Сольвейг растерянно мазнула ладонью по щеке – она что, действительно плачет? Дух зимы подлетела совсем близко, коснулась ее прохладной рукой, утешая. На мгновение закружилась голова, а потом… А потом и впрямь стало легче. Боль, что гнездилась внутри, отступила, словно дикий зверь, испугавшийся подступающего к нему огня. А зимний ветер, присев рядом с Сольвейг, осторожно и ласково касался ее мокрых щек кончиками пальцев – будто хотел забрать себе крупинку ее душевной муки.

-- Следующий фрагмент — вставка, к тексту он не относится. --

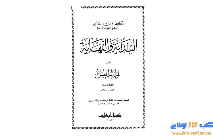 تحميل كتاب البداية والنهاية 5 PDF – ابن كثير – البداية والنهاية هو عمل موسوعي تاريخي ضخم ألفه ابن كثير إسماعيل بن عمر الدمشقي المتوفي سنة 774هـ ويعتبر الكتاب مؤلفاً وفق معتقدات الديانة الإسلامية حيث يقدم عرضاً للتاريخ بدءاً من خلق السماوات والأرض والملائكة ووصولاً إلى خلق آدم ويستعرض الكتاب قصص الأنبياء بشكل مختصر قبل أن يتناول الأحداث التاريخية بالتفصيل.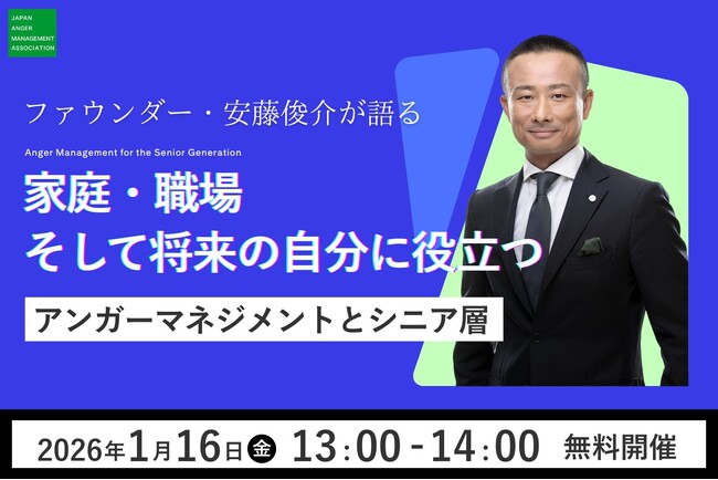 【1月16日(金)13:00開催】反響多数につき再配信決定!ファウンダー・安藤俊介が語る「家庭、職場、そして将来の自分に役立つ!アンガーマネジメントとシニア層」無料オンラインセミナー

Сольвейг удивленно моргнула. Дух зимы изменилась – исчезла куда-то прозрачность ее тела, словно она вдруг передумала быть бесплотной. Незнакомка все еще мало походила на человека – кожа ее светилась призрачным голубоватым светом, но Сольвейг больше не видела сквозь нее покрытые пушистыми снежными варежками лапы ели.
«Что с тобой происходит? – написала она смычком на снегу. – Ты меняешься».
Дух зимы натужно рассмеялась.
– Ну что ты, глупышка, я всегда была такой. Это твой усталый разум с тобой играет.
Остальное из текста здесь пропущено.